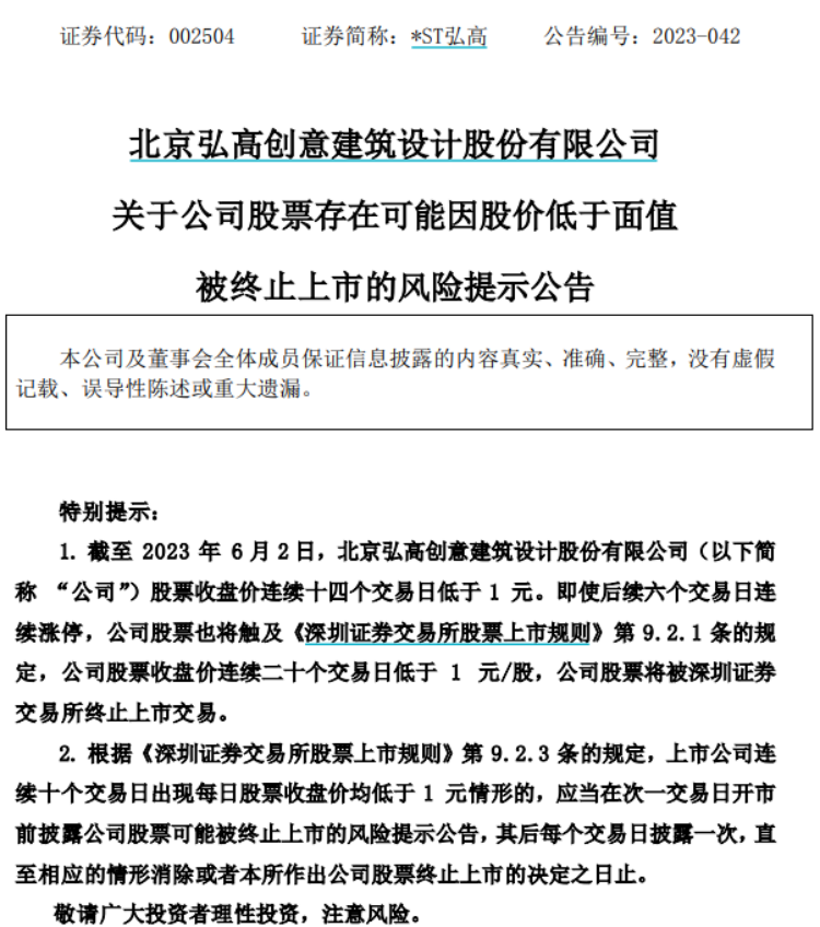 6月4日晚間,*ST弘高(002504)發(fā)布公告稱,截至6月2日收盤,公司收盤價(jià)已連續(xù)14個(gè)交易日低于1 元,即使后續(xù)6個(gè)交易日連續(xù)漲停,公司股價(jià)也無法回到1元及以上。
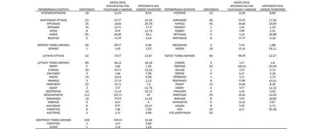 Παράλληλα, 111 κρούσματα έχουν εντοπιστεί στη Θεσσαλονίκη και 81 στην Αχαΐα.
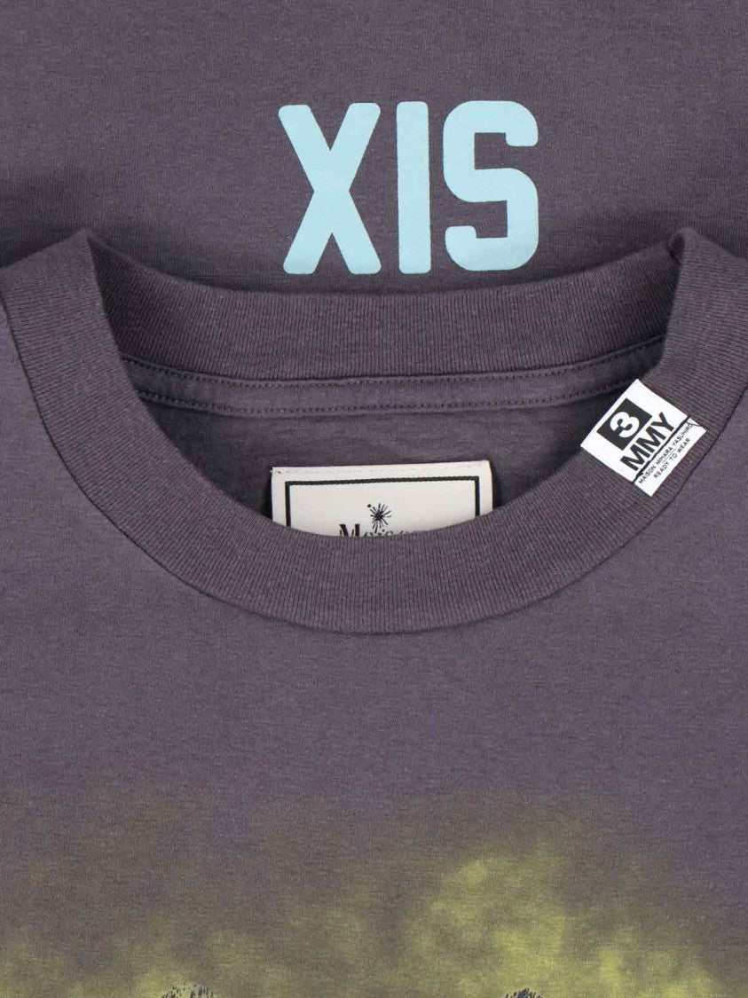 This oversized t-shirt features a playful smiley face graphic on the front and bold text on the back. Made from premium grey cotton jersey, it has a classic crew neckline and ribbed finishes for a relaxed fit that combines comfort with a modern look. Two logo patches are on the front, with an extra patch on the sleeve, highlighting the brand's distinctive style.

...

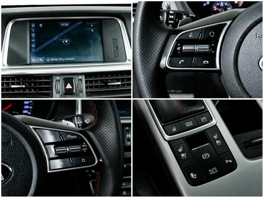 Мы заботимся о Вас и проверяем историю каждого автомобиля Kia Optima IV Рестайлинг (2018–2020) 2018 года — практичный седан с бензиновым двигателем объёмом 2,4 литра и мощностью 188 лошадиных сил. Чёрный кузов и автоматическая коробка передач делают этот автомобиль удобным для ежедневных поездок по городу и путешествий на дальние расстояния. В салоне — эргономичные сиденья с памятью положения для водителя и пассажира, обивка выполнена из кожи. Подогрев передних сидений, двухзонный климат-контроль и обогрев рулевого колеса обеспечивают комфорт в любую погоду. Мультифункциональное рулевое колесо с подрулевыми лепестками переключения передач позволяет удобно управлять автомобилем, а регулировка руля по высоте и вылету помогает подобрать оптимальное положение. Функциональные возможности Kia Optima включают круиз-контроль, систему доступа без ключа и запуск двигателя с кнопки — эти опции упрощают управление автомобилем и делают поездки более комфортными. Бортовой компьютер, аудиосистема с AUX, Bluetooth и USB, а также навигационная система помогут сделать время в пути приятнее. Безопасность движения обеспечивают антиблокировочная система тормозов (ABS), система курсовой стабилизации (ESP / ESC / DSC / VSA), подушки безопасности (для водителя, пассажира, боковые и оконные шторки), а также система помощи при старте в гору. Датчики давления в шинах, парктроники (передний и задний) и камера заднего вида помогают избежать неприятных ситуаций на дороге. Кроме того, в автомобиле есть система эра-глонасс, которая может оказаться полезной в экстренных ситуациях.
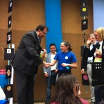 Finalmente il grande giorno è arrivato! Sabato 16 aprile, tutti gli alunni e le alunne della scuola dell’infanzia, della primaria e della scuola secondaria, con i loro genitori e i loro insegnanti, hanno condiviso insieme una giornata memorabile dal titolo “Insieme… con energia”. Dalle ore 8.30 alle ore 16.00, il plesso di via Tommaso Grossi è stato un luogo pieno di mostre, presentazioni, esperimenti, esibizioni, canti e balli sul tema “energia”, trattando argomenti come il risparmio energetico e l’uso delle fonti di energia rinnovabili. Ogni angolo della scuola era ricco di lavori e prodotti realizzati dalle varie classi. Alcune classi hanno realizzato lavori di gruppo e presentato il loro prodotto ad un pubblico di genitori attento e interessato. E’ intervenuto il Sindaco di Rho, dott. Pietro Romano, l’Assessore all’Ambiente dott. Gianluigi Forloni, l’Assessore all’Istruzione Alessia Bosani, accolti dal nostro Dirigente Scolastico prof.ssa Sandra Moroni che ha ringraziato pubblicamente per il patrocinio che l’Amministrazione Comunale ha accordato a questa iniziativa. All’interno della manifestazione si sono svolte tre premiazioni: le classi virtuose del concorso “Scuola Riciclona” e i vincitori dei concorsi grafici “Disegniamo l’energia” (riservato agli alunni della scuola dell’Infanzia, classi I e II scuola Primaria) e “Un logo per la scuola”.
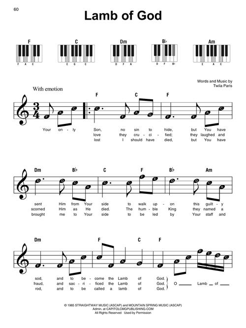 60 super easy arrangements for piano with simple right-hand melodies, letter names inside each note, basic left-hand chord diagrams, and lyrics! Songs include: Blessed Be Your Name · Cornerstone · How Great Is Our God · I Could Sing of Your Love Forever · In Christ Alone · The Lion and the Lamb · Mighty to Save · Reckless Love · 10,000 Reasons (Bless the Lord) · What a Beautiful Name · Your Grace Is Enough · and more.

==

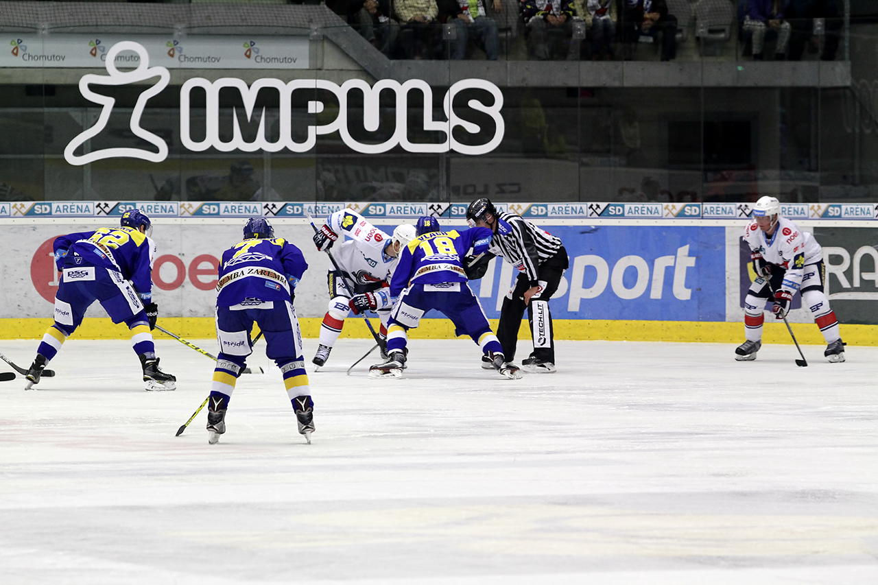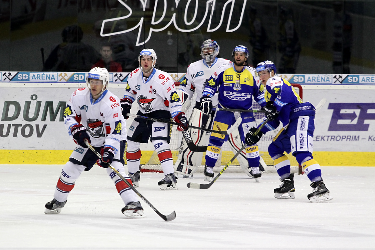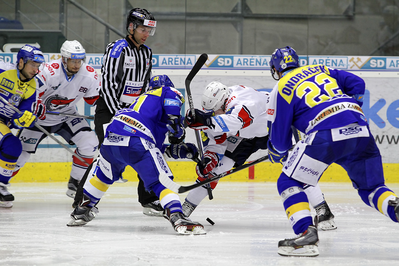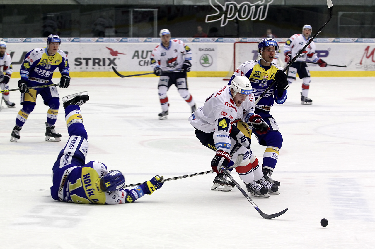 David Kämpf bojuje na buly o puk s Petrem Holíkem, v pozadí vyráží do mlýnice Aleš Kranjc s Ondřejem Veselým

• **Directions**
Only the lines starting at the one that includes "6月4日晚間,*ST弘高(0" and ending at the one that includes "Παράλληλα, 111 κρούσματα" should be retyped, exactly, from the records above; no pictures.

• **Response to the exercise**
 6月4日晚間,*ST弘高(002504)發(fā)布公告稱,截至6月2日收盤,公司收盤價(jià)已連續(xù)14個(gè)交易日低于1 元,即使后續(xù)6個(gè)交易日連續(xù)漲停,公司股價(jià)也無法回到1元及以上。
 Παράλληλα, 111 κρούσματα έχουν εντοπιστεί στη Θεσσαλονίκη και 81 στην Αχαΐα.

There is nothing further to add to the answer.